Consideration
16 On the face of the judgment, the judgment took effect as of 20 November 2014.
17 The debtor did not dispute that the creditor was entitled to claim interest for 21 November 2014. However, he argued that, having identified 21 November 2014 in the Schedule as the "date from" which interest was claimed, no interest ought to have been claimed for 21 November 2014.
18 In support of this argument, the debtor relied upon the decision of Burchett J in Re Serafino; Ex parte Classic Manufacturing Pty Ltd (1989) 86 ALR 283 ("Re Serafino"). In that case it was held that, as a matter of interpretation of s 85(2)(a) of the District Court Act 1973 (NSW) (the predecessor to rule 36.4), and particularly the words "as from", interest claimed in a bankruptcy notice should be calculated on the judgment excluding the date when the judgment came into being.
19 In Re Serafino, judgment was entered by consent on 2 December 1987. The bankruptcy notice claimed post-interest judgment commencing on that date. At the time, the form of the bankruptcy notice was different to the current form. In particular, the form did not provide for the attachment of a "schedule of post-judgment interest calculation".

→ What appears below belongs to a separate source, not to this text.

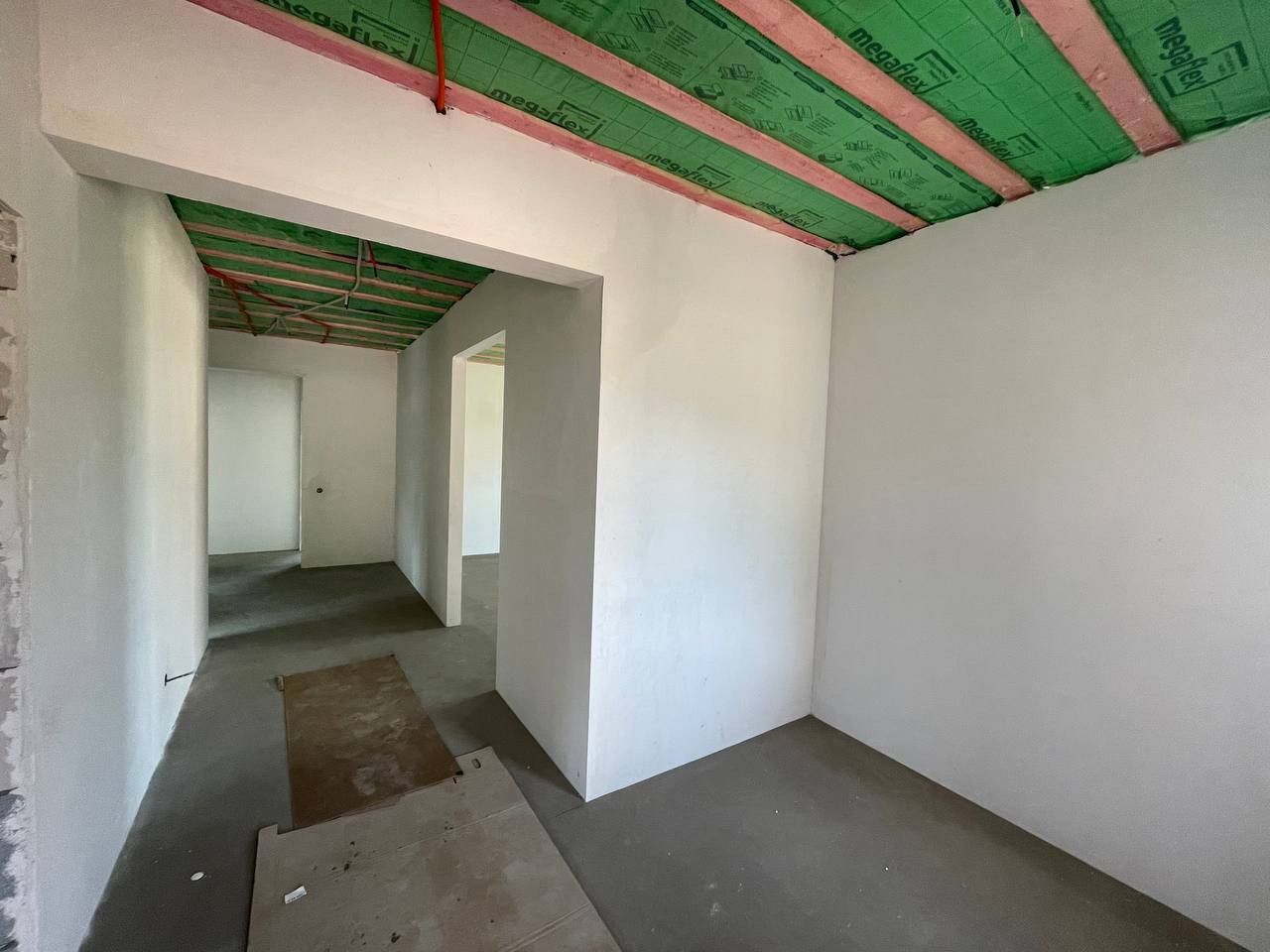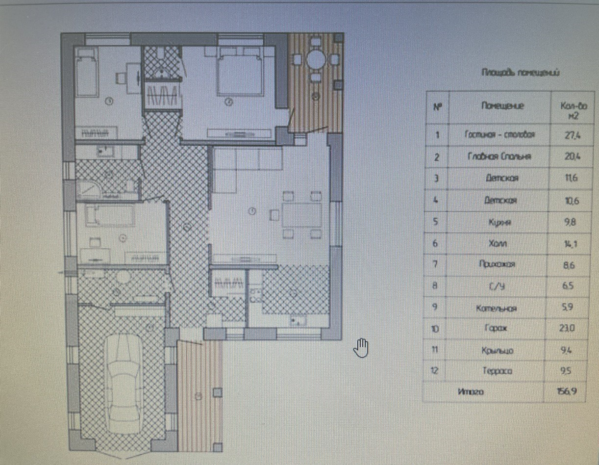 В доме 3 спальни, просторная кухня- гостиная 27,4кв.м , ГАРАЖ - 4,5*5, котельная, с/у совмещенный , терасса на фундаменте - 9,5 кв.м.

20 The following principles are derived from Re Serafino:
(1) Notice having been given under s 41(5), if in fact the bankruptcy notice claims an excessive amount, though by a small margin, its effectiveness is destroyed. See also Walsh v Deputy Commissioner of Taxation [1984] HCA 33; (1984) 156 CLR 337 at 339;
(2) Generally, where time is to be computed from a day, that day is excluded from the computation: Associated Beauty Aids Pty Ltd v Federal Commissioner of Taxation [1965] HCA 20; (1965) 113 CLR 662 at 667-8 (Barwick CJ) ("Associated Beauty Aids");
(3) However, there is no general rule as to the consequences of the use of the preposition "from": Associated Beauty Aids at 668 (Barwick CJ), 669 (Windeyer J).
21 Re Serafino is not directly applicable to this case because it concerned the statutory entitlement to claim post-judgment interest, rather than the entitlement to claim interest having regard to the terms of the "schedule of post-interest calculation". In this case, the debtor does not dispute the creditor's statutory entitlement to claim post-judgment interest in respect of 21 November 2014. The issue is whether interest may be claimed in respect of that date, having regard to the reference to 21 November 2014 as the "interest rate period date from" in the Schedule to the bankruptcy notice.
22 The creditor also referred to Unicomb v Cairns [2009] FCA 988. In that case, it was argued that there was an understatement of interest in the bankruptcy notice because the creditor did not include interest for the date on which the judgment was handed down. Perram J rejected this argument relying, among other things, upon Re Serafino.
23 In my view, the Schedule requires the inclusion of the first and last dates of the period in respect of which interest is claimed. That interpretation of the form is based on the inclusion of the words "interest claim period" qualifying each of the "date from" and the "date to". In this case, the creditor was entitled to claim interest for the period 21 November 2014 to 4 December 2014 inclusive. In this case, the words "date from" are apt to refer to the first date in respect of which interest is claimed.
24 On the debtor's interpretation of the form of the Schedule, the appropriate date to include under the heading "interest claim period date from" is, in this case, date on which the judgment was made or given, that is, 20 November 2014. In my view, the inclusion of that date would tend to be productive of confusion because it would not form part of the "interest claim period". In contrast, the Schedule as completed correctly identifies the amount of interest to which the creditor is entitled and clearly identifies the first and last dates of the period in respect of which interest is claimed, thereby fulfilling the evident purpose of the schedule which is to assist the debtor to check the claim: Adams v Lambert at [13].
25 Accordingly, I reject the debtor's contention that the Schedule overstates the interest to which the creditor is entitled because the "interest claim period date from" is 21 November 2014.
26 If I am wrong about the correct interpretation of the form of the Schedule, I would not accept that the inclusion of 21 November 2014 as the "interest claim period date from" required the creditor to claim less interest than the amount to which it was entitled, and which was specified in the bankruptcy notice. Based on a reading of the whole of the bankruptcy notice together with the attached judgment, I would infer that the creditor intended to claim the whole of the interest to which it was entitled (evidenced by the amount of the interest claimed) but incorrectly referred to 21 instead of 20 November 2014. I would consider the incorrect identification of the "interest claim period date from" by one day to be an irregularity in the notice: cf Adams v Lambert at [34]. There is no evidence that substantial injustice has been caused by the irregularity, and accordingly, s 306(1) of the Bankruptcy Act would operate to protect the bankruptcy notice from invalidity.